As applications grow, the controllers that once felt tidy begin to accumulate database queries, validation, conditional branching, and external calls until they become difficult to test and modify. The repository-service pattern offers a disciplined answer: separate the concern of retrieving and persisting data from the concern of making business decisions. This article explains the two layers, the boundary between them, and the conditions under which the pattern earns its overhead in a Laravel codebase.
Two Responsibilities, Two Layers
The pattern rests on a single distinction. A repository is responsible for data access: it knows how to find, store, and delete records. A service is responsible for business logic: it knows what the application should do with that data. The repository answers “how do I obtain this user?” while the service answers “what happens when this user upgrades their subscription?”
In a typical Laravel project, an Eloquent model already provides a competent data-access surface. A repository wraps that model behind a narrow, intention-revealing interface:
interface UserRepository
{
public function findByEmail(string $email): ?User;
public function save(User $user): void;
}
The concrete implementation uses Eloquent internally, but callers depend only on the interface. The service consumes that interface and contains no SQL or query-builder calls:
class SubscriptionService
{
public function __construct(private UserRepository $users) {}
public function upgrade(string $email, Plan $plan): void
{
$user = $this->users->findByEmail($email)
?? throw new UserNotFound($email);
$user->applyPlan($plan);
$this->users->save($user);
}
}
Why the Separation Pays Off
Three concrete benefits justify the structure.
First, testability. Because the service depends on an interface rather than a database, a test may supply an in-memory fake repository.
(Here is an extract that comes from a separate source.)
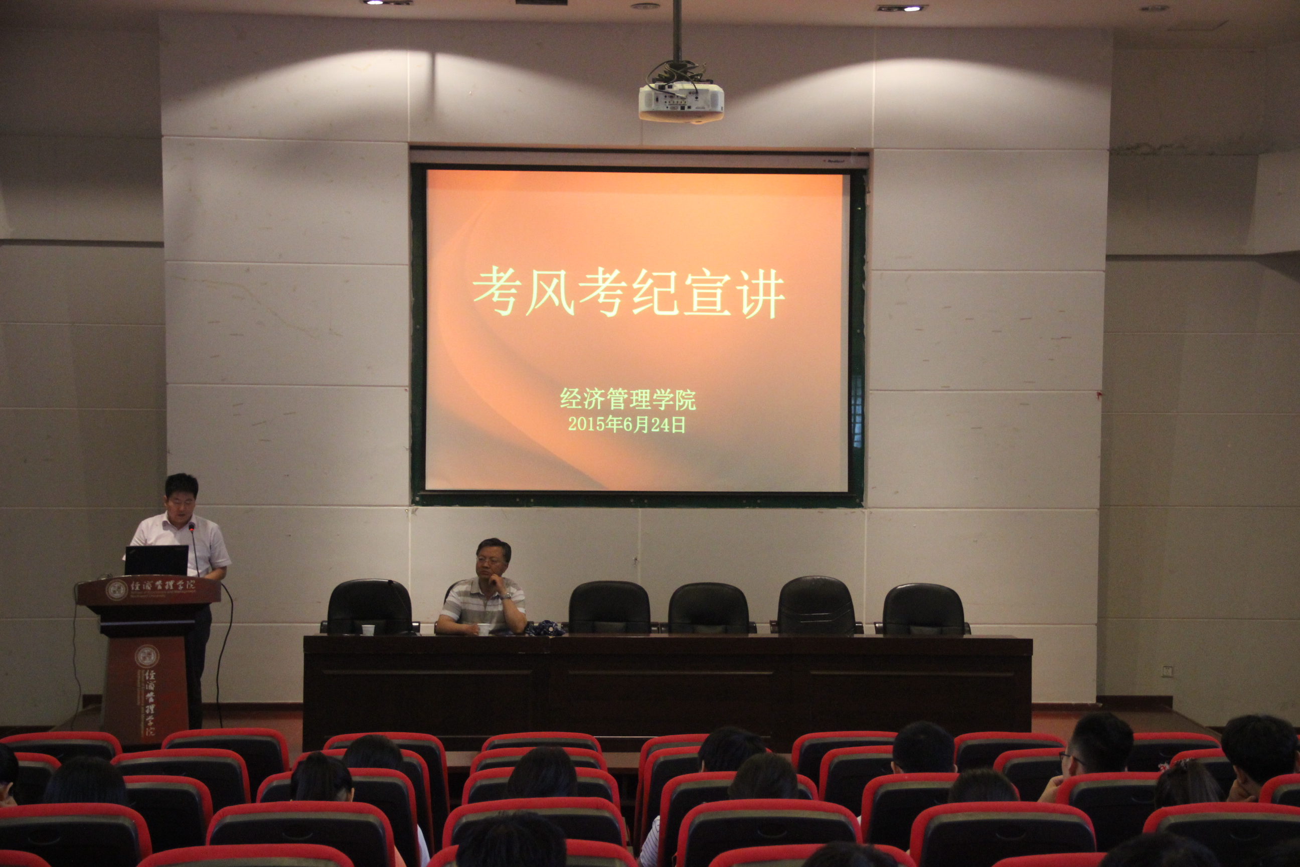 2015年6月24日下午,yl7703永利集团在金海恒业报告厅举行了本学期期末考风考纪宣讲会,院教学副院长惠宁教授、院党委副书记李一凡以及370余名大一学生参加了会议。
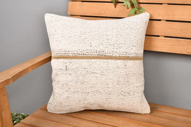 Embroidered Beige Patchwork Throw Pillow, Handmade Vintage Pillow

The business rule (upgrading applies a plan) can be verified without a migration, a connection, or a transaction rollback. Tests run faster and describe behaviour rather than infrastructure.
Second, substitutability. Data may move. A query that once read from a local table might later read from a cache, a search index, or an external API. When access is confined to a repository, the migration touches one class. Controllers and services remain unchanged because the interface they depend on is stable.
Third, readability. A service reads as a sequence of business steps. The mechanical noise of query construction lives elsewhere. When a colleague asks what happens during an upgrade, the answer is one short method rather than a controller method interleaved with persistence detail.
Laravel’s service container makes the wiring inexpensive. Binding the interface to its implementation in a service provider allows constructor injection to resolve dependencies automatically, so the indirection costs little at the call site.
When the Pattern Is Worth It
The pattern is not free, and applying it indiscriminately produces ceremony without benefit. For a small application, or for straightforward CRUD where Eloquent is already the right level of abstraction, a thin repository wrapping a thin model adds layers that obscure rather than clarify. In my experience the split earns its keep once business rules become genuinely non-trivial, once the same data is read in several different ways, or once a feature must be tested without touching the database.
A useful rule of thumb: introduce a service when a controller method contains a decision that is not about HTTP, and introduce a repository when a query is duplicated or when the data source is likely to change. Until then, an Eloquent model used directly is a legitimate and honest design.
Conclusion
The repository-service pattern is, at heart, a clean division of labour: repositories isolate data access behind narrow interfaces, and services express business logic in terms of those interfaces. The reward is code that is easier to test, easier to change, and easier to read. The cost is additional indirection that is only justified when complexity warrants it. Apply the pattern where business rules and data concerns genuinely diverge, and resist it where a model alone already tells the whole story.